Arguably the most important of these later works is the Compendium of Materia Medica compiled during the Ming dynasty by Li Shizhen, which is still used today for consultation and reference.

The use of Chinese herbs was popular during the medieval age in western Asian and Islamic countries. They were traded through the Silk Road from the East to the West. Cinnamon, ginger, rhubarb, nutmeg and cubeb are mentioned as Chinese herbs by medieval Islamic medical scholars Such as Rhazes (854–925 CE), Haly Abbas (930–994 CE) and Avicenna (980–1037 CE). There were also multiple similarities between the clinical uses of these herbs in Chinese and Islamic medicine.

==Raw materials==
There are roughly 13,000 medicinals used in China and over 100,000 medicinal recipes recorded in the ancient literature. Plant elements and extracts are by far the most common elements used.
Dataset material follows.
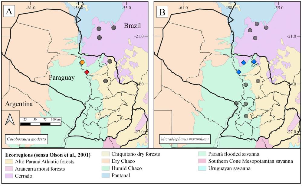 The Red-bellied gymnophthalmid Colobosaura modesta (Reinhardt & Lütken, 1862) is a small lizard previously known only for the Cerrado biome (Vanzolini & Ramos, 1977), now recorded in the Caatinga, Amazon, and Atlantic Forest in Brazil, as well as in Paraguay (sensuOlson et al., 2001; Cacciali et al., 2017; Freire et al., 2012; Martínez et al., 2020). In Paraguay, the species is only known from two localities within the Cerrado Biome, the Cerro Corá National Park in Amambay Department and Laguna Blanca Nature Reserve in San Pedro Department (Cacciali et al., 2016; Smith et al., 2016). In turn, Maximillian´s Blue-Tailed gymnophthalmid Micrablepharus maximiliani (Reinhardt & Lütken, 1862) is a small lizard known from northern Brazil to central Paraguay (Cacciali et al., 2016; Moura et al., 2010), found in open habitats in the Caatinga, Cerrado, Dry Chaco, Humid Chaco and Pantanal biomes, as well as in forested habitats such as Amazon and Atlantic Forests (Moura et al., 2010). The species is known from Central, Cordillera, Paraguarí and San Pedro Departments, associated with the Cerrado and with a transitional zone between the Atlantic Forest and the Humid Chaco biomes (Cacciali, 2010; Cacciali et al., 2016; Smith et al., 2016).

In the classic Handbook of Traditional Drugs from 1941, 517 drugs were listed – out of these, only 45 were animal parts, and 30 were minerals. For many plants used as medicinals, detailed instructions have been handed down not only regarding the locations and areas where they grow best, but also regarding the best timing of planting and harvesting them.

Some animal parts used as medicinals can be considered rather strange such as cows' gallstones.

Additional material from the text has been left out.